On Thursday, June 28th, the Securities and Exchange Commission (SEC) voted to propose amendments to its Whistleblower Program rules.  The proposed changes could take away incentives to blow the whistle for high-level executives and target lower-level employees to report smaller corporate frauds. These proposed amendments could limit the size of monetary whistleblower rewards, the primary incentive for reporting wrongdoing.

Since 2010, the SEC has received tips and issued awards through its Whistleblower Program, exposing large-scale fraud and resulting in wrongdoers paying hundreds of millions of dollars in sanctions. Kohn, Kohn, & Colapinto (KKC) is very concerned that the proposed amendments could weaken this program and discourage well-compensated employees from reporting misconduct to the SEC, opening a door for high-level Wall Street fraud.

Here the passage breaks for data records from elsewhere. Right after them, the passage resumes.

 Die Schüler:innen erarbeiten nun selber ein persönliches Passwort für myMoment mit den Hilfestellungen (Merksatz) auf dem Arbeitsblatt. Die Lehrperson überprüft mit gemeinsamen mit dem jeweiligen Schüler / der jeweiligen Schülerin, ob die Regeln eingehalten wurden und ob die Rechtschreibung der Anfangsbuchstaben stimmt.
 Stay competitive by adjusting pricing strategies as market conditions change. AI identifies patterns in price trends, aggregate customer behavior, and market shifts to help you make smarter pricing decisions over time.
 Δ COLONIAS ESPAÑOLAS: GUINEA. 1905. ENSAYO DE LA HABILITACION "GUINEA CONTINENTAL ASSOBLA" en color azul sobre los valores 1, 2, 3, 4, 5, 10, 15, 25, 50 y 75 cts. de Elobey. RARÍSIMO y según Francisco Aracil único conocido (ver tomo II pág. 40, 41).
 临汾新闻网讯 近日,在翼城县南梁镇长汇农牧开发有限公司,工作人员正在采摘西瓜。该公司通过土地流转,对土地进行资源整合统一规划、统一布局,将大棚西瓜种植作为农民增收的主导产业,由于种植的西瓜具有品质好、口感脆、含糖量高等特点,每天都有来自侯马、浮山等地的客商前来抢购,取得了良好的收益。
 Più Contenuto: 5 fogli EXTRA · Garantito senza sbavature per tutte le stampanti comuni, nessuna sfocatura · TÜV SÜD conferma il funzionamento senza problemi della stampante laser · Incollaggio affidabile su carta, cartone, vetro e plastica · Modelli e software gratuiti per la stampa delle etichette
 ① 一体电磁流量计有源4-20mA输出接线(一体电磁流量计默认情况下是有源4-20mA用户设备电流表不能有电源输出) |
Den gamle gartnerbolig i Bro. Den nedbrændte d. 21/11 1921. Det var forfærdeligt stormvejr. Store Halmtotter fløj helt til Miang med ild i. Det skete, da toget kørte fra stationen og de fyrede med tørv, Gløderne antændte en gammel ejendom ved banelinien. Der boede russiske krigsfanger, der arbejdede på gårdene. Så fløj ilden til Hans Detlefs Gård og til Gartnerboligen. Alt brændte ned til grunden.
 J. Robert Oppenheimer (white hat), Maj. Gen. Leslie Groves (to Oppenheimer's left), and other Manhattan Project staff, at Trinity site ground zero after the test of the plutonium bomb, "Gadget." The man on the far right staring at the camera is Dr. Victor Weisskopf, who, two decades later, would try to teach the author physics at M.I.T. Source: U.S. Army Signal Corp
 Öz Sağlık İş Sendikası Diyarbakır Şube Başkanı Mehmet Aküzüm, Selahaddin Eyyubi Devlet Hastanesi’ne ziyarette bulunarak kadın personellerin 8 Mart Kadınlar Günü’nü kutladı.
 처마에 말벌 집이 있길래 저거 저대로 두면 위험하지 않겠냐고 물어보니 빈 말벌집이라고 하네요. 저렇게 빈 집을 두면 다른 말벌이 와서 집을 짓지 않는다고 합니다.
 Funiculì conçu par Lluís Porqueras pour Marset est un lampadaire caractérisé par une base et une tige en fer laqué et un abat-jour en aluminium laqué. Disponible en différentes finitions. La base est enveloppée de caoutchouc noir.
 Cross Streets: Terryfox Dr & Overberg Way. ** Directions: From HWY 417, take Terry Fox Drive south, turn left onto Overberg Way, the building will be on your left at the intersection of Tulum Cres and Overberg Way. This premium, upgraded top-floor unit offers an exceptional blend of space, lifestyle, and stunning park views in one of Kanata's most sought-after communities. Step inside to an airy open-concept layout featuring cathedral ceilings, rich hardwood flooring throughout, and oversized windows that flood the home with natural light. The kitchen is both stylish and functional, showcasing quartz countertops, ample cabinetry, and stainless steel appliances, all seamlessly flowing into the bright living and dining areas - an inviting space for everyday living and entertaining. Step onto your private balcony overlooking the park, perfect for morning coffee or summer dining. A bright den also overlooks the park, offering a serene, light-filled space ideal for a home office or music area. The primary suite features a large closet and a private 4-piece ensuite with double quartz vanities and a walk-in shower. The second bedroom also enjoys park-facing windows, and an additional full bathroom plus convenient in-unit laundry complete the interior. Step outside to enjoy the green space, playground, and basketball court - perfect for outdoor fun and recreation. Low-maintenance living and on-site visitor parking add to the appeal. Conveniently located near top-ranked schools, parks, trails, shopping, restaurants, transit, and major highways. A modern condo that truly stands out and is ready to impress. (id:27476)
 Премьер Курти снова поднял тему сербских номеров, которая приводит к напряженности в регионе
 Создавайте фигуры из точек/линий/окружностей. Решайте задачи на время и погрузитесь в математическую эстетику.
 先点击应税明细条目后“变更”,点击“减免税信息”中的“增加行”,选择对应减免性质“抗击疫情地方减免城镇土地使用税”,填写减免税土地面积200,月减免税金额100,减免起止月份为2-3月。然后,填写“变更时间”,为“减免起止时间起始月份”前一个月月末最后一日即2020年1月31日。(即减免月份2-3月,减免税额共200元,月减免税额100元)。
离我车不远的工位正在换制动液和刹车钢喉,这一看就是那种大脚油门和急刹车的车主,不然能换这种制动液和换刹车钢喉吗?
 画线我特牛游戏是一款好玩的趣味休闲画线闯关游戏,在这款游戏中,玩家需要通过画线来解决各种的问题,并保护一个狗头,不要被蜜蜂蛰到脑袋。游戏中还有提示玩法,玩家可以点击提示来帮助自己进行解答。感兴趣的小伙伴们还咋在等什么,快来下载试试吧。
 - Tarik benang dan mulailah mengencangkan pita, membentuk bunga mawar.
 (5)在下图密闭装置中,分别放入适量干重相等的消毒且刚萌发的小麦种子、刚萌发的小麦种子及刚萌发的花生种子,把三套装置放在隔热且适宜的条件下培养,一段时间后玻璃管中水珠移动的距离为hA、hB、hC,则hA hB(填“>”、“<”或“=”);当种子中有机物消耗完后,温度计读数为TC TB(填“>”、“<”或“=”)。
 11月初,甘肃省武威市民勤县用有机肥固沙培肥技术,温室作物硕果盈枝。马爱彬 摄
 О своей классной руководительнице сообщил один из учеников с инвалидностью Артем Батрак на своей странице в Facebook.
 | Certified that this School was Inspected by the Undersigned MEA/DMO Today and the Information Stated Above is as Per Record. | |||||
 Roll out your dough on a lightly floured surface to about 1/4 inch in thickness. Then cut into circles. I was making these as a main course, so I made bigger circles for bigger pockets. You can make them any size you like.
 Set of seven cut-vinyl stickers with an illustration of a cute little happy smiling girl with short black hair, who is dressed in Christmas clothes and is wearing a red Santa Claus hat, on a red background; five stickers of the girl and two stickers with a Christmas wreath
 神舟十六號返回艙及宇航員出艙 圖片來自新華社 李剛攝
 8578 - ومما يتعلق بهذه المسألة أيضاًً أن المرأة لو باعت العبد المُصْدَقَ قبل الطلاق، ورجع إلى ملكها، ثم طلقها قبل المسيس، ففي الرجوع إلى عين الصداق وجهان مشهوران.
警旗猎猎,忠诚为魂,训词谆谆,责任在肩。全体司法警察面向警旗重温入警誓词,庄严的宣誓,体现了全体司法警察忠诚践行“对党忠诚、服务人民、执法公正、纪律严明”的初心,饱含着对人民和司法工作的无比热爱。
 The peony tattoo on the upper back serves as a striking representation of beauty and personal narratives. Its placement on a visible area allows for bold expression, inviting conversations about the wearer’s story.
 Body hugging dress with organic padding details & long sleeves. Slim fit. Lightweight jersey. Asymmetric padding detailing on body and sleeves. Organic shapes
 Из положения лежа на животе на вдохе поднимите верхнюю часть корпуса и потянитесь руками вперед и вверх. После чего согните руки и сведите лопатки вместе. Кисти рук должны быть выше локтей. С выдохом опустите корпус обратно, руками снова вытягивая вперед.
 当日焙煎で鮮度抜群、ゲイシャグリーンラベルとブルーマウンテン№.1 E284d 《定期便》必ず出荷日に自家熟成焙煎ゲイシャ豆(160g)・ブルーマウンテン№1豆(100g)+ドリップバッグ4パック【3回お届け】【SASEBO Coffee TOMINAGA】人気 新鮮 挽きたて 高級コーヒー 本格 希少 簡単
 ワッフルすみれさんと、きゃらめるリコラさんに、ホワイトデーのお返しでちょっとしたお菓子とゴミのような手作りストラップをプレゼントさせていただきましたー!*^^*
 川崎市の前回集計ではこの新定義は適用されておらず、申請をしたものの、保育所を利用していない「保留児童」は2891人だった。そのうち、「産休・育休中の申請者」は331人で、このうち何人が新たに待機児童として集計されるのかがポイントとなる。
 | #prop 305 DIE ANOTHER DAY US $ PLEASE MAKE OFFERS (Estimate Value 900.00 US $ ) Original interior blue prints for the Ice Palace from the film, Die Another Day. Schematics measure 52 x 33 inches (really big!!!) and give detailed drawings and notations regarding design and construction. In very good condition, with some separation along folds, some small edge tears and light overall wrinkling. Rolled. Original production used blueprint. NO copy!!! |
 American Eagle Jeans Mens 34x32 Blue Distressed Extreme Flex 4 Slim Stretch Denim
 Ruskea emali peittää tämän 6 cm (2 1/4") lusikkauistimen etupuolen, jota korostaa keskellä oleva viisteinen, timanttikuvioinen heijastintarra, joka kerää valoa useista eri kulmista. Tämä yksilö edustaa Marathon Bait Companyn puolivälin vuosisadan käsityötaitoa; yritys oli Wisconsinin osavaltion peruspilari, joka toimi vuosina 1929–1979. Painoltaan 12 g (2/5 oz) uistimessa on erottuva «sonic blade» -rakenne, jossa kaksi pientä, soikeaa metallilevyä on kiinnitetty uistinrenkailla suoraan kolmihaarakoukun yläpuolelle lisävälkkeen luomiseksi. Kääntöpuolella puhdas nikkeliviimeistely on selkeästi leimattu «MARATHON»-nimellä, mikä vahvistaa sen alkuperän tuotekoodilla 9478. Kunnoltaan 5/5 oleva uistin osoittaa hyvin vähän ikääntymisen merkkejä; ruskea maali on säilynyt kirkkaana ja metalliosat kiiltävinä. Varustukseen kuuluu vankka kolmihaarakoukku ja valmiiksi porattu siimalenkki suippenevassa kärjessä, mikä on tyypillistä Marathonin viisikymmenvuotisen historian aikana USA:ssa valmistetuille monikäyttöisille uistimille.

Leading whistleblower attorney Stephen M. Kohn said the following regarding the news: “The SEC whistleblowers program is facing its most significant test since it was created in 2010. The Chamber of Commerce and other Wall Street firms have aggressively attempted to undermine corporate whistleblower rights. The SEC proposed rule is another step in the direction of repealing Wall Street whistleblower rights.”

KKC has released the documents related to the SEC rule amendments as well as the statements of the SEC and its commissioners.  

Read the SEC proposed rule here

Read the SEC Press Release

Significantly, there was bipartisan concern over the proposed regulations, with two commissioners voting no on whether to release the proposed rules.

SEC Commissioner Kara M. Stein expressed her concern over the proposed amendments in her statement. “…I am deeply troubled that the proposal would give the Commission authority to depart from its normal analysis for determining the amount of an award in certain circumstances.” Stein, who was nominated by former President Barack Obama in 2013, continued to say “We have no evidence that there is a problem. Nor do we have any evidence of how the proposed $30 million threshold would affect the incentives or behavior of whistleblowers…I worry that we are creating a $30 million glass ceiling.”

Commissioner Robert J. Jackson, Jr., who was nominated by President Donald Trump in 2017, voiced his concern in his statement as well. “Less than one percent of whistleblower tips actually lead to any award, so when they do, the rewards must be significant and clear. Adding uncertainty to that process risks that would-be whistleblowers will stay quiet.”

Read the other commissioners statements here:

Chairman Jay Clayton, nominated by Donald Trump in 2017, said the following.

Commissioner Hester M. Pierce, nominated by Donald Trump in 2018, said the following.

Commissioner Michael S. Piwowar, who was appointed as a commissioner in 2013 by Barack Obama and designated chairman by Donald Trump in 2017, said the following.

For persons who want information on filing a comment, you may use the SEC’s website to file electronically. To submit a form regarding the ruling, use the following link: https://www.sec.gov/cgi-bin/ruling-comments

You may also send an email to rule-comments@sec.gov . If you choose to do this, make sure to include File Number S7-16-18 on the subject line.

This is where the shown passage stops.